Danach wurde das erste Halbfinale sogar hochklassig. Immer mehr Würfe fanden ihr Ziel. Dazu boten beide Teams eine intensive Verteidigung. Die Chemnitzer, die erstmals unter den besten Vier der BBL vertreten sind, hielten Albas Sturmlauf aber immer wieder stand. »Wir haben es einfach nicht geschafft, sie aus ihrem Rhythmus zu bringen«, klagte Albas Center Thiemann später. »Wir wussten, was uns erwartet, konnten ihre Härte aber nicht über 40 Minuten mitgehen.«
Knapp vier Minuten vor Schluss hatte Alba den Rückstand dennoch auf sechs Punkte verkürzt, da standen plötzlich auch all jene auf der Haupttribüne, die zuvor vergeblich vom Fanblock zum gemeinsamen Anfeuern aufgefordert worden waren. Eine schöne Aufholjagd holt doch auch die Letzten von den bequemen Sitzen. Doch im Europapokal haben die Niners gelernt, auch in schwierigen Situationen kühlen Kopf zu bewahren. So brachten sie den Sieg über die Zeit. »Wir waren nun schon so oft in solchen Situationen und wissen, wem wir dann den Ball geben wollen, wer die besten Entscheidungen trifft«, sagte der Chemnitzer Abwehrspezialist Dominic Lockhart.

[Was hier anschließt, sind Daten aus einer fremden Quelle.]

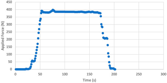 Testing with this version of the screw used the same method to startup and acquire data as with the roller screw test. However, for this series of testing, the lead screw is twisted from the top until no more force can be applied. The same operator was used in the manual twisting of this mechanism as in previous tests. The performance of the direct press screw was measured during 10 consecutive tests in terms of applied force over a duration. The direct press screw was rotated to apply force onto the load cell until it was no longer capable of completing this operation. After a varying duration of time, the force was then removed from the load cell by rotation of the screw in the opposite direction until it was no longer touching the load cell top screw plate.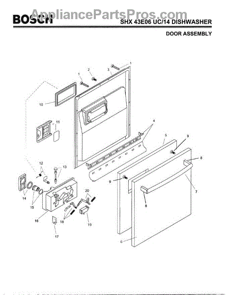 The Rinse Aid Door (with Gasket) is an OEM replacement part for Bosch dishwashers. It is responsible for covering and sealing the rinse aid dispenser. Problems with a rinse aid door can cause leaks during washing.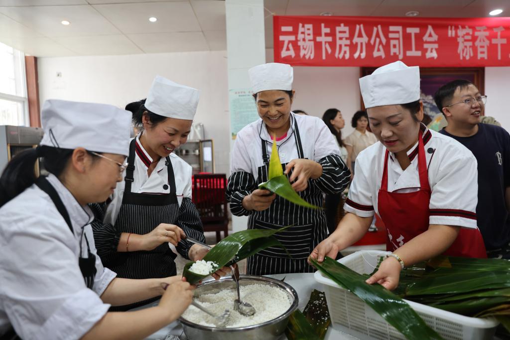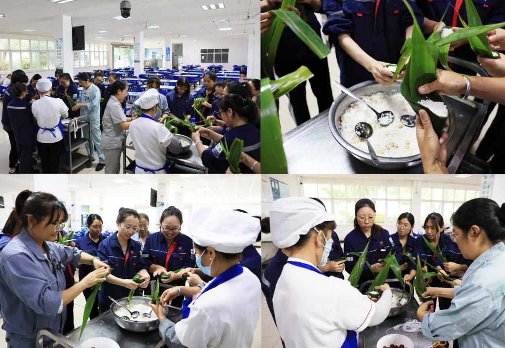 大屯锡矿后勤综治车间开展包粽子活动,通过认真挑选粽叶、包裹糯米和馅料、用绳子扎紧等环节,让职工切身感受包粽子的具体工艺技巧和中华传统节日的文化内涵。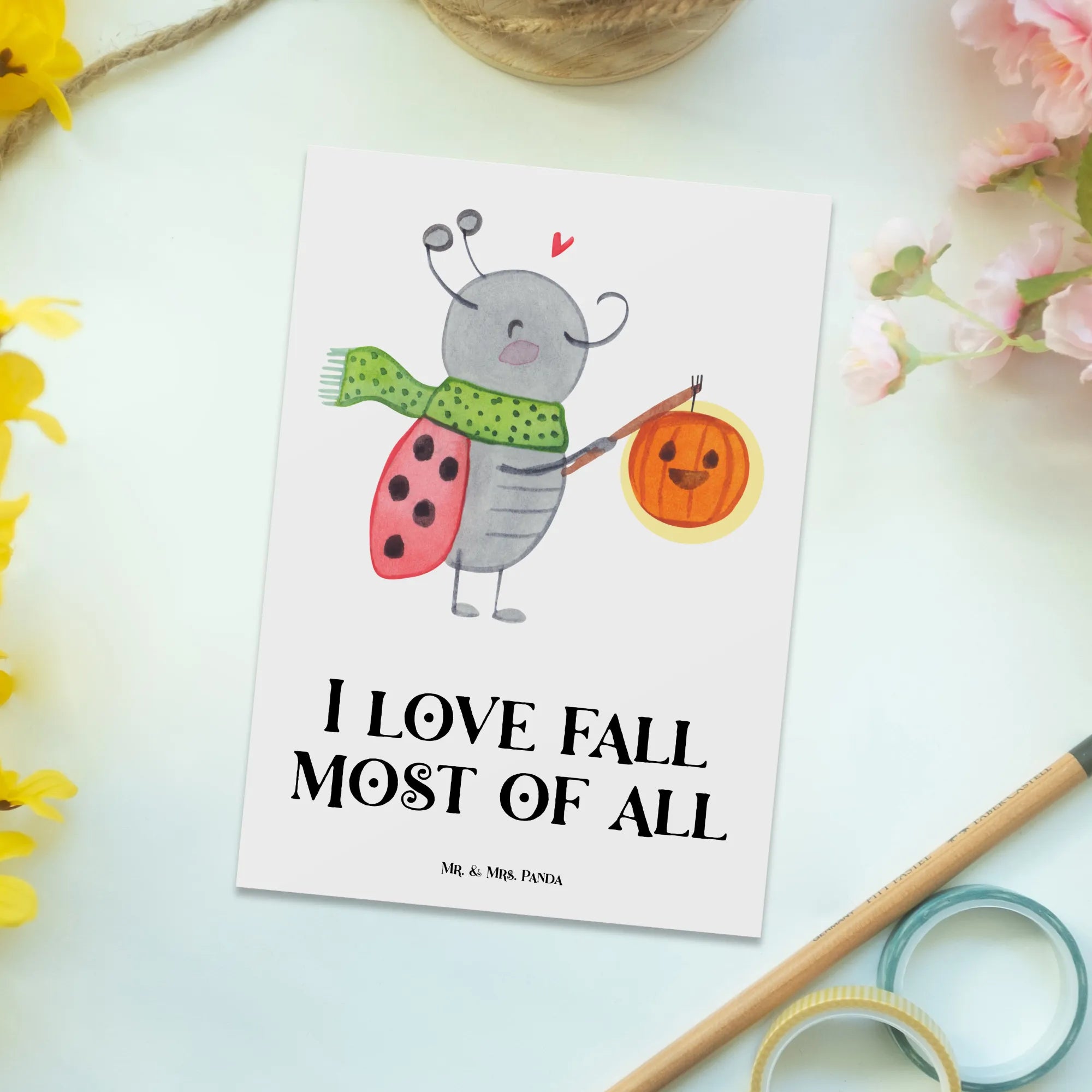 Diese einzigartige Karte ist das perfekte Geschenk für alle, die den Herbst lieben. Der liebevoll handgemalte Marienkäfer, der stolz seine leuchtende Kürbislaterne präsentiert, zaubert jedem ein Lächeln ins Gesicht. Seine grünen Punkte auf dem Schal und die fröhliche Laterne kreieren die unverwechselbare Atmosphäre einer klaren Herbstnacht!

Auch der deutsche Nationalspieler wunderte sich später über die halbleere Arena, die lange träge gewirkt hatte. »Es ist schwer, so eine große Halle voll zu bekommen. Vielleicht lag es daran, dass das Spiel an einem Dienstag um 20.30 Uhr angepfiffen wurde. Das macht es für normale arbeitende Leute schwer herzukommen«, suchte er noch nach Ausreden für die Hauptstadt mit ihren gut 3,6 Millionen Einwohnern.
In absoluten Zahlen ist Alba immer noch BBL-Primus, bei der Auslastung findet sich Berlin mit nur 57 Prozent allerdings ganz am Ende der Liga wieder. Dabei zeigte das eigene Frauenteam zuletzt, wie eine neue Euphorie geweckt werden kann. Ganz ohne Stars – und ohne Logenplätze in einer alten Halle. Purer Basketball füllte hier alle Plätze. Auch wenn es nur knapp 2400 waren, war das vor Kurzem für deutsche Basketballerinnen noch undenkbar. In der großen Arena am Ostbahnhof müssen die VIP erst zum Aufstehen aufgefordert werden, in der kleinen stehen alle von alleine eine ganze Halbzeit lang.
Albas Klubführung will schon seit Jahren ob der steigenden Miete in der Multifunktions-Arena eine neue eigene Halle bauen. Doch dafür fehlt es noch an Unterstützung durch Politik und Sponsoren. Geld sitzt nun mal nicht locker, und selbst Alba kann ein solches Millionenprojekt nicht allein stemmen. Ein Standort ist auch noch nicht gefunden. Die aktuelle Tristesse in der Event-Halle am Ostbahnhof aber zeigt, dass die Zeit für einen Wandel gekommen ist.